Return the full listing unchanged, excluding any images it contains.
START Data
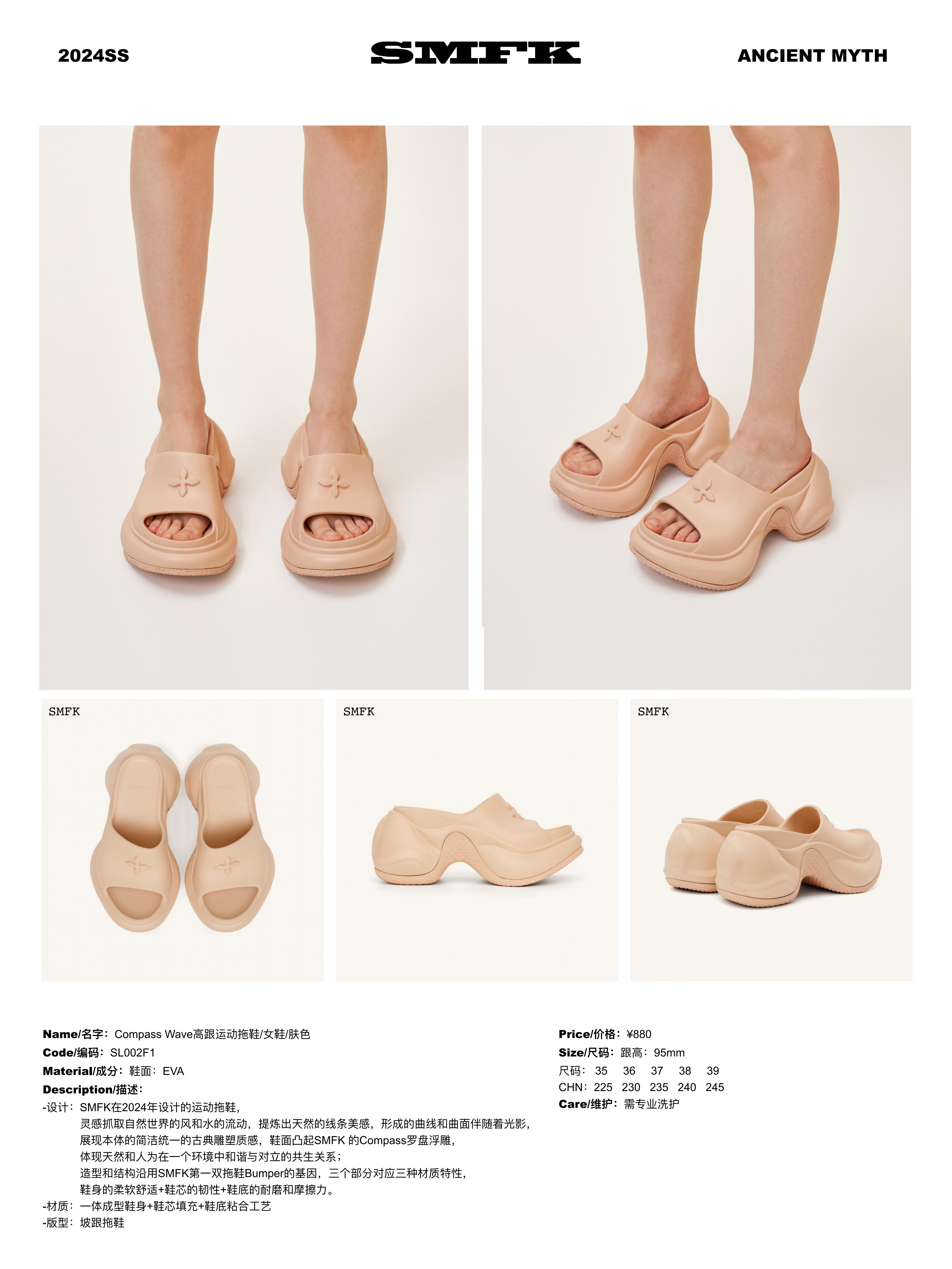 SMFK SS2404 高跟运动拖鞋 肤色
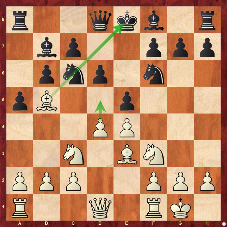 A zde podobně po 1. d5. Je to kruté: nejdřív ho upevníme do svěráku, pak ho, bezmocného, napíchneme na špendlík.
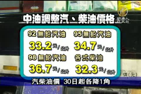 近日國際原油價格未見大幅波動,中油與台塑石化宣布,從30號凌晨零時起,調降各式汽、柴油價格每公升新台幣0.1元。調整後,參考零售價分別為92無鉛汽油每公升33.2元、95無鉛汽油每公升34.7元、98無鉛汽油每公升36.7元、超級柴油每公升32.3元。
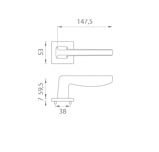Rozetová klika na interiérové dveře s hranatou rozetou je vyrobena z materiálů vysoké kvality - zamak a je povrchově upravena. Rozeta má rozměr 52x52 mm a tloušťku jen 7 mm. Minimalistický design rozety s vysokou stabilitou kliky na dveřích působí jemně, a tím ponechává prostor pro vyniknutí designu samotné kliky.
END Data
» Task answer:
 SMFK SS2404 高跟运动拖鞋 肤色
 A zde podobně po 1. d5. Je to kruté: nejdřív ho upevníme do svěráku, pak ho, bezmocného, napíchneme na špendlík.
 近日國際原油價格未見大幅波動,中油與台塑石化宣布,從30號凌晨零時起,調降各式汽、柴油價格每公升新台幣0.1元。調整後,參考零售價分別為92無鉛汽油每公升33.2元、95無鉛汽油每公升34.7元、98無鉛汽油每公升36.7元、超級柴油每公升32.3元。
Rozetová klika na interiérové dveře s hranatou rozetou je vyrobena z materiálů vysoké kvality - zamak a je povrchově upravena. Rozeta má rozměr 52x52 mm a tloušťku jen 7 mm. Minimalistický design rozety s vysokou stabilitou kliky na dveřích působí jemně, a tím ponechává prostor pro vyniknutí designu samotné kliky.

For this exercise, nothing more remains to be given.